**Aim of the task**
Below are records with pictures; copy word for word only the lines between the line with "今日の主食は、「麦入りご飯」" and the line with "Dazzle in this", inclusive, and drop the pictures.

━━ Extracted information

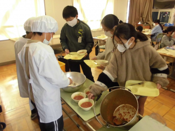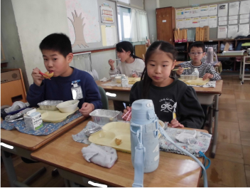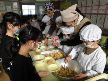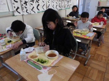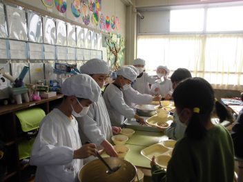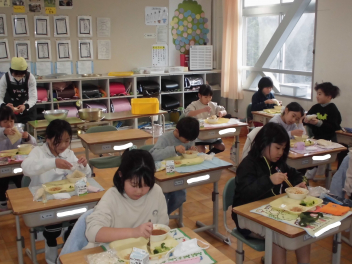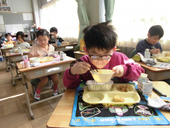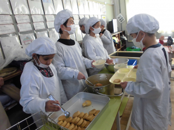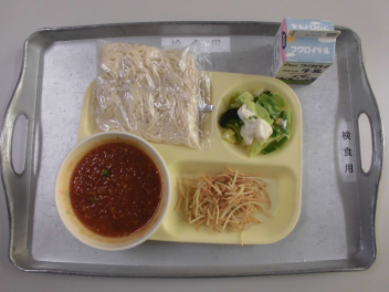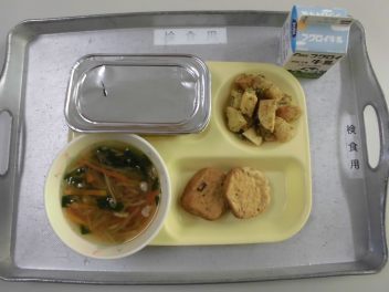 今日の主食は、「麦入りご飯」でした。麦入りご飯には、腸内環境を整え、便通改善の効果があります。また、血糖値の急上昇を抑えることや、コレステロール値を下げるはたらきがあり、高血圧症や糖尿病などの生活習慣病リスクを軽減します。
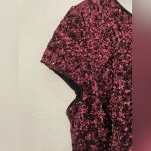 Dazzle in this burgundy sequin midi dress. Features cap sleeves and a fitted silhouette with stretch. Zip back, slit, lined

━━━━
━━ Extracted information

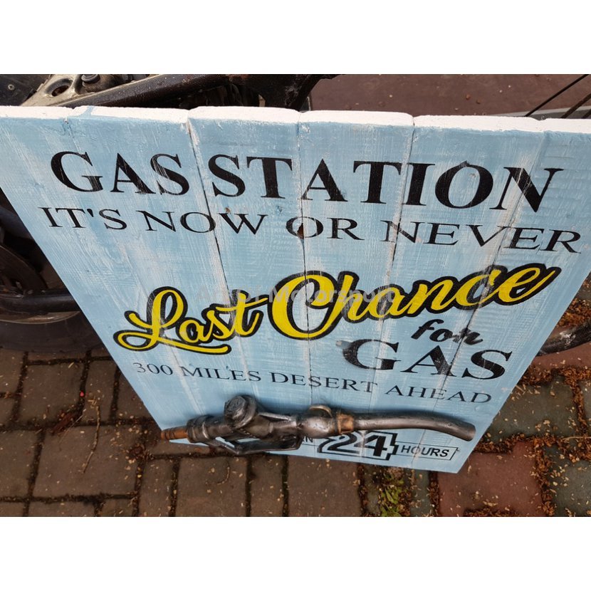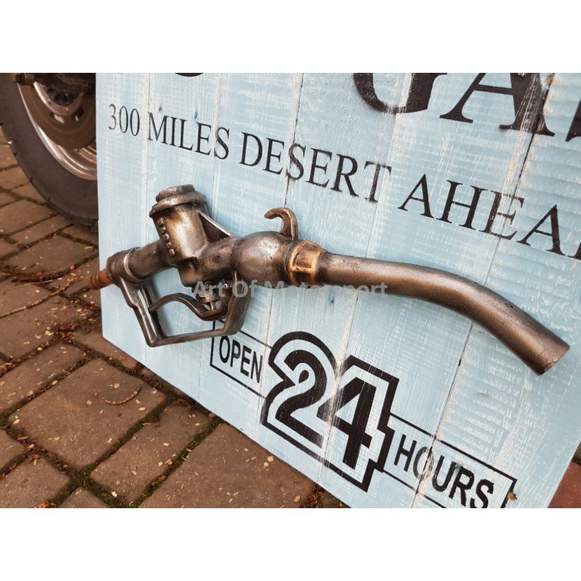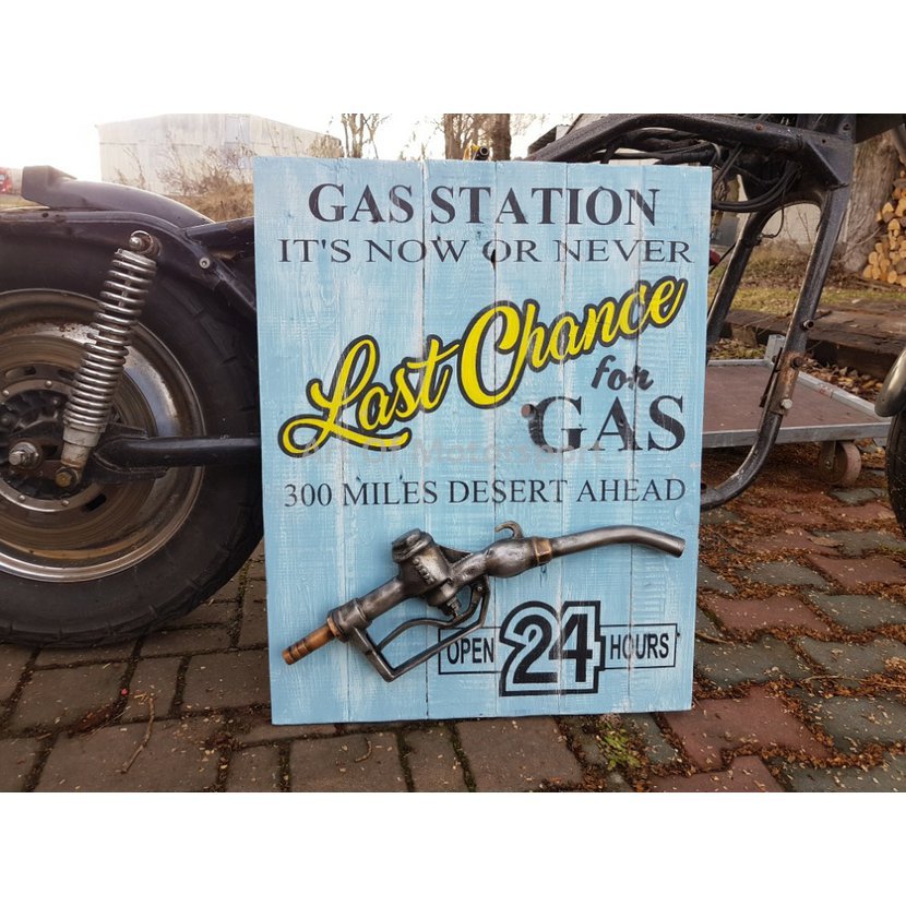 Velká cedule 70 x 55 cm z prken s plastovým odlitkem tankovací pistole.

━━━━

**Answer section**
 今日の主食は、「麦入りご飯」でした。麦入りご飯には、腸内環境を整え、便通改善の効果があります。また、血糖値の急上昇を抑えることや、コレステロール値を下げるはたらきがあり、高血圧症や糖尿病などの生活習慣病リスクを軽減します。
 Dazzle in this burgundy sequin midi dress. Features cap sleeves and a fitted silhouette with stretch. Zip back, slit, lined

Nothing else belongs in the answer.